Looks like Linux fie size data still fits Benford’s Law fairly closely. I’ll admit to an Arch Linux heavy selection, but I don’t think that matters much, because OpenWrt and MacOS also fit closely.

The worst deviation is 4. 4 as a leading digit comes up more often than Benford’s Law predicts, both in 2013 and 2025.

File Size Distribution

The distribution of files I found conforms to the stereotype of lots of small files, and a few larger files. It looks exponential or maybe log-normal.

Dell R530 exponential file size distribution

That’s a histogram of the smallest 75% of file sizes on my Dell R530. It’s representative of the machines I examined in 2025. The largest file represented in the histogram is 9,999 bytes. The maximum sized file on that machine, which doen’t appear in the hitogram, is 1,869,047,133 bytes. Without trimming off the largest 25% of the files, the histogram would have a single tall bucket at about 0, and the remaninder of the buckets very short.

Software - 2025

This time around, I wrote a Go program. I knew I wanted to run it on a number of different architectures, and two OSes, so portability seemed important. Performance was not paramount, I was only going to run the program two or three times per machine.

Code repo

Portability

I made four executables, all using the same source code. All I had to do was specify an Instruction Set Architecture.
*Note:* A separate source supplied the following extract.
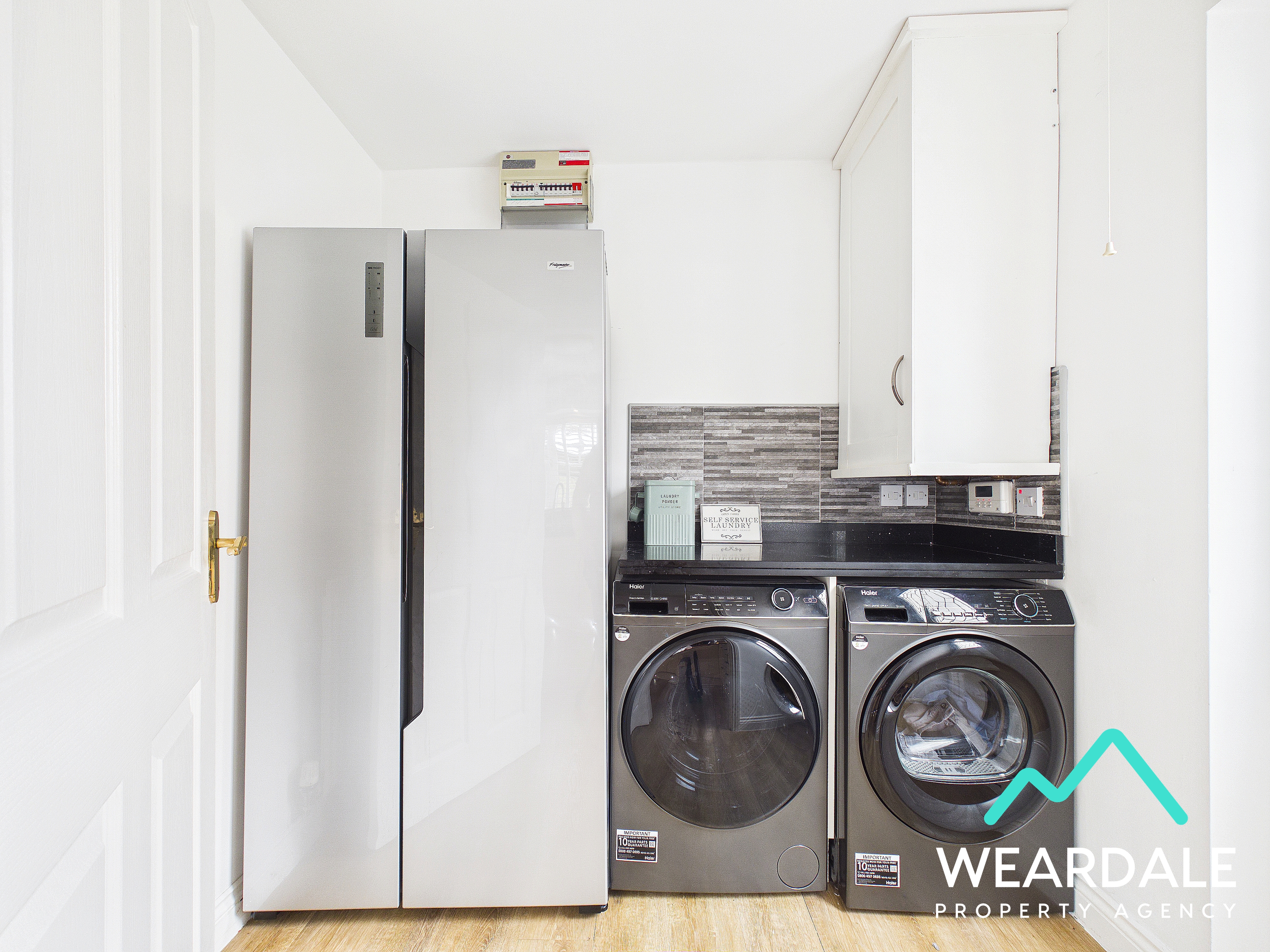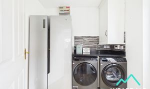 - Positioned to the rear of the property on the Western side, accessed internally from the kitchen, and externally via a double-glazed composite door with frosted pane from the driveway located to the Western side of the property - LVT flooring - Neutrally decorated - Quartz worktop with tiled splashback - Plumbing for washing machine and tumble dryer - Space for free-standing fridge freezer - Central ceiling light fitting - Radiator - Extractor fan - The property’s electrical consumer unit is located in this room - The property’s Oil Combi boiler is located in a cupboard in this room
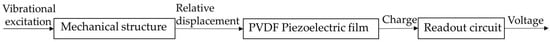 The fixed end is fastened to the vibration exciter plane through a pedestal. When the exciter plane vibrates, the fixed end drives the free end to produce a relative displacement, thereby causing stress of the PVDF piezoelectric film and generation of charges on its surface. The charge is ultimately converted to voltage through the read-out circuit. In accordance with Figure 2, the designed sensor process consists of three parts: the mechanical part, which is a second-order inertial system that determines the relationship between the relative displacements of the fixed end and the free end based on different vibration frequencies; the charge generation part, which involves straining the piezoelectric material due to the relative displacement to generate charge; and the readout circuit part, which converts the charge into a voltage.

  • go build benford.go for machines E, F, G, L
  • GOOS=linux GOARCH=arm64 go build -o benford_aarch64 benford.go for machine J
  • GOOS=linux GOARCH=arm go build -o benford_arm benford.go for machine K
  • GOOS=darwin GOARCH=arm64 go build -o benford_macos benford.go for machine H

Performance

Machine File Count Time to find sizes files/sec Storage type
E 185585 5.0 sec 37117 SATA HDD
F 500254 50.3 sec 9945 SAS HDD
G 1017103 44.2 sec 23011 SATA SSD
H 24091734 1734 sec 13894 Apple SSD
J 2508 0.6 sec 4108 256NAND FLASH
K 2574 0.5 sec 5148 eMMC FLASH
L 102133 1.0 sec 102133 NVMe

Alas, I didn’t keep performance data in 2013. It’s pretty clear that SSDs are faster than hard disks, and NVMe devices are faster than SSDs. That has to be a consequence of NVMe devices being directly attached to PCI buses.